Monday, November 23, 2015

The Pitfalls of Good Guy/Bad Guy Foreign Policy. By Daniel L. Davis.





The Pitfalls of Good Guy/Bad Guy Foreign Policy. By Daniel L. Davis. The National Interest, November 23, 2015.

Davis:

What if the battle isn't between good and evil, but rather between bloody and bloodier?

Americans have always loved the classic battles between good and evil: minutemen vs. Redcoats, the Greatest Generation vs. Hitler, Darth Vader vs. Luke Skywalker, Redskins vs. Cowboys (I won’t say who’s good and who’s evil). We like the clean lines that allow us to love and support the good guy while hating and opposing the bad guy. No complications, no difficult moral decisions to make. Such is the case in Syria today: we support the “moderate” rebels—the good guys; we oppose ISIS and Assad—the bad guys. What would happen, however, if we discovered the battle wasn’t between good and evil, but rather between one group with bloody hands and another with really bloody hands?

Since Syria’s civil war began major media outlets have routinely reported on the barbaric atrocities committed by Assad’s forces against the civil population. Only rarely, however, do these same outlets report on the war crimes frequently committed by the opposition groups we support. But these crimes are neither minor nor isolated. A few examples:

- Human Rights Watch reported that in August 2013 rebel forces killed sixty-seven civilians during a key battle. These deaths were no collateral damage, however, as the report stated “evidence strongly suggests that the killings, hostage taking, and other abuses committed by opposition forces on and after August 4 rise to the level of crimes against humanity”

- Amnesty International claimed that in 2014 rebels killed over 600 civilians. “Some of these attacks,” the report asserted, “may have also constituted deliberate attacks on civilians or civilian objects, which are also war crimes.”

- And just two months ago, a pro-rebel human rights group reported that opposition forces committed war crimes by murdering seventy-one Syrian regime soldiers and civilian loyalists.

If, even into the next administration, the U.S. continues to support the opposition groups and they should happen to cumulatively overthrow Assad, what happens next? Will these groups work together to form an effective interim government, leading to fair and free elections and an end to the violence? The likelier scenario is that once Assad is out of power, the strongest of these groups will turn on each other in a new fight for control of the new government. We’ve seen just this dynamic play out in recent years.

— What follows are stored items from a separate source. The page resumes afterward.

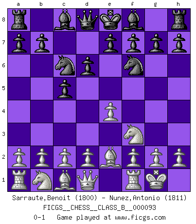 Last move : 0-1 2010 January 24 8:23:55 [Event "FICGS__CHESS__CLASS_B__000093"] [Site "FICGS"] [Date "2009.12.09"] [Round "1"] [White "Sarraute,Benoit"] [Black "Nunez,Antonio"] [Result "0-1"] [WhiteElo "1800"] [BlackElo "1811"] 1.e4 c5 2.Nf3 d6 3.Be2 Nf6 4.O-O Nc6 0-1 This chess game has been lost on time (started : 2009.12.09 20:16:59) Sicilian Kingside Castling by player White (move 4) Player Black won this chess game. Follow this game move after move (download)I have always a slight feeling of pity for the man who has no knowledge of Chess. (Siegbert Tarrasch) Kasparov ist eine Art Monster mit hundert Augen, denen auch nicht das Geringste entgeht. (Tony Miles) La señal de un Gran Maestro es su habilidad de ganar una partida rápidamente y sin dolor. (Irving Chernev) La solitude du joueur d'Echecs à l'approche du mat est semblable à celle du condamné. (Francis Szpiner) If you know the enemy and know yourself you need not fear the results of a hundred battles. (Sun Tzu)
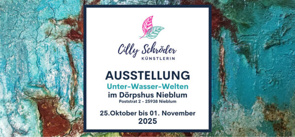 Vom 25. Oktober bis 1. November 2025 präsentiert die Flensburger Mixed-Media-Künstlerin Cilly Schröder ihre aktuelle Ausstellung „Unter-Wasser-Welten“ im Dörpshus Nieblum.
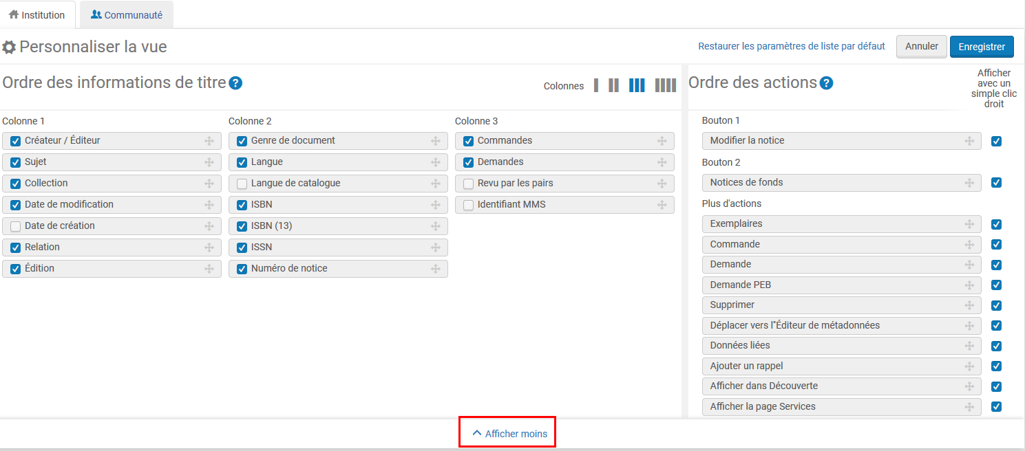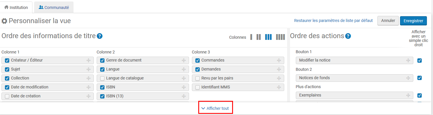 - Il vous suffit de désélectionner les informations que vous ne souhaitez pas voir apparaître. N’oublier pas d’enregistrer vos modifications

In 2011, the U.S. supported rebel groups in Libya against Qaddafi by conducting hundreds of cruise missile and airstrikes. After the Libyan leader was killed by rebels, President Barack Obama optimistically said to the Libyan people: “You have won your revolution. And now, we will be a partner as you forge a future that provides dignity, freedom and opportunity.” Mere months later, however, the once-unified opposition fragmented and turned on itself. Now four years after we succeeded in removing a tyrant from power, Libya remains one of the most unstable, violent and ungoverned areas in the world.

In light of the fact that all participants of the war in Syria have committed war crimes, American policymakers have to face some hard questions with no good answers: if there aren’t any good guys, who do we support—or do we support anyone? If we don’t take one side over the other, what happens to the violence in that nation and the millions of innocent civilians who will continue to live in fear? Can America, the land of the free and home of the brave, stand idly by while militias wage war in which tens of thousands die?

It may be that none of the warring sides represent or would support our values and thus, regardless of which side ultimately prevails, American interests will not be served. The best we could hope for might be to use U.S. diplomatic and humanitarian resources to encourage the combatants to resolve their differences, while trying to contain the violence and leading humanitarian efforts to lessen the suffering of the innocents.

Such a policy would likely be attacked as “defeatist” or as a failure to lead. But the hard facts are that despite our attempts to resolve civil wars in other countries in recent years, the result has been a worsening of the violence, an increase in the suffering of those we’ve sought to help, and ultimately the establishment of regimes that neither represent American values nor provide peace and democracy to their people.

As we near Presidential primary season, we can only hope that the ultimate winner—whether Republican or Democrat or Independent, male or female—will show the wisdom, moral courage and leadership necessary to preserve American values and interests.